大関陥落後すぐの返り咲きを期す関脇栃ノ心(31=春日野)が、豪快に全勝を守った。元大関琴奨菊のまわしをつかむと、176キロの相手を一瞬浮かせ、一気に寄り切った。

初日から7連勝は大関昇進を決めた昨年夏場所以来だが、当時の7日目は不戦勝。相撲を取っては、幕内59場所目で初。賜杯争いに身を置き、大関復帰条件の10勝まで残り3勝だ。

立ち合いで押し込まれてから、栃ノ心が怪力を発揮した。左前まわしをつかみ、引きつけると176キロある琴奨菊が一瞬浮いた。右下手でまわしを取るともう万全。つり技のように寄っていき、軽々と土俵の外に持っていった。

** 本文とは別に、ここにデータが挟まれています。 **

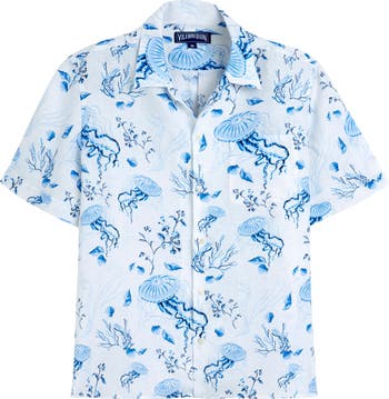 A stylish bowling shirt crafted from cool linen and featuring an eye-catching ocean-inspired print. The chest pocket and tonal turtle on the hem complete the detail.

「止めたから良かったけど、それまではね」と立ち合いを反省しつつ「(まわしを)取ってからは…ね」。7日連続まわしを取って、勝ちっ放しの7連勝をうれしそうに振り返った。

節目の7日目だった。初優勝した昨年初場所は幕内自己最長の6連勝で迎え、鶴竜に負けた。大関昇進を決めた昨年夏場所では自己最長の12連勝を経験したが、7日目は遠藤休場による不戦勝。相撲を取っての7連勝は幕内通算59場所目にして、自己最長となった。「最長? 違うだろ? 違うだろ?」と言いつつ、笑みがこぼれて仕方ない。

東京場所は基本、自宅で夕食をとる。ラム、牛、豚を10キロほど買い込み、冷凍しておき、ジョージア風の鍋を作り置きしたり、後援者にもらった霜降り和牛のステーキをパクつく。舌の肥えたワイン農家の息子には、約1年前から「ソムリエになりませんか?」と資格認定団体からオファーが来ている。味覚に自信のある料理好きが、場所中一番リラックスするのは、食後のひとときだ。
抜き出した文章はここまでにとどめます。